**EXERCISE DESCRIPTION:**
Give back the full listing exactly, setting the pictures aside.

**EXERCISE DATA:**
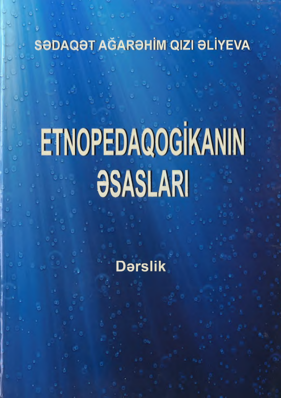 Əliyeva, Sədaqət Ağarəhim. Etnopedaqogikanın əsasları [mətn]: dərslik. — Bakı, 2016. — 238 s.; 21sm — <URL:https://azpedagogy-my.sharepoint.com/:b:/g/personal/kitabxana_adpu_edu_az/EXcwwIgWJ3RGtvMEiC8gAoABCCbr3EyfiYo6PJxHo4UvSw?e=NKqILJ>.
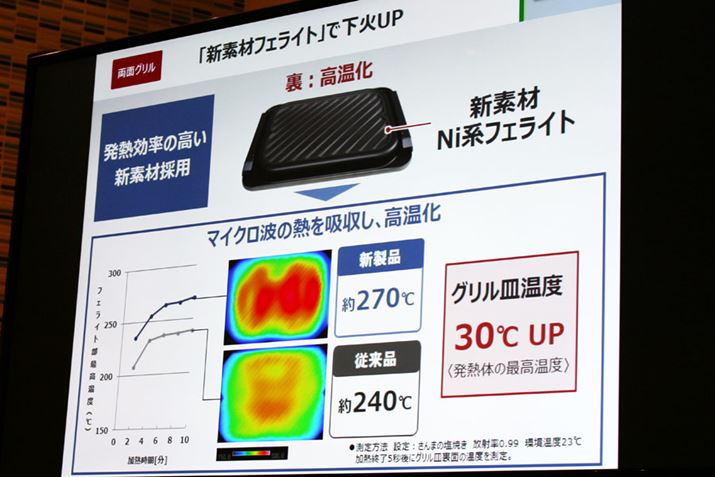 グリル皿裏面の素材を変更したことで、たとえば、さんまを焼いたあとのグリル皿裏面の温度は前モデルから30℃高い270℃に。新モデルのほうが食材の裏面がこんがり焼けそうですね
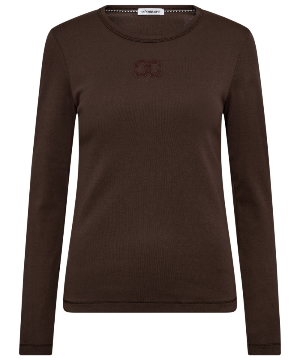 Co'Couture Granny Embroidery LS T-shirt Dark Brown
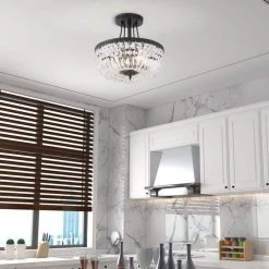Portland 11.8 in. 3-Light Black Simple Bowl Semi-Flush Mount With Crystal Shade by Maxax

**EXERCISE OUTPUT:**
 Əliyeva, Sədaqət Ağarəhim. Etnopedaqogikanın əsasları [mətn]: dərslik. — Bakı, 2016. — 238 s.; 21sm — <URL:https://azpedagogy-my.sharepoint.com/:b:/g/personal/kitabxana_adpu_edu_az/EXcwwIgWJ3RGtvMEiC8gAoABCCbr3EyfiYo6PJxHo4UvSw?e=NKqILJ>.
 グリル皿裏面の素材を変更したことで、たとえば、さんまを焼いたあとのグリル皿裏面の温度は前モデルから30℃高い270℃に。新モデルのほうが食材の裏面がこんがり焼けそうですね
 Co'Couture Granny Embroidery LS T-shirt Dark Brown
Portland 11.8 in. 3-Light Black Simple Bowl Semi-Flush Mount With Crystal Shade by Maxax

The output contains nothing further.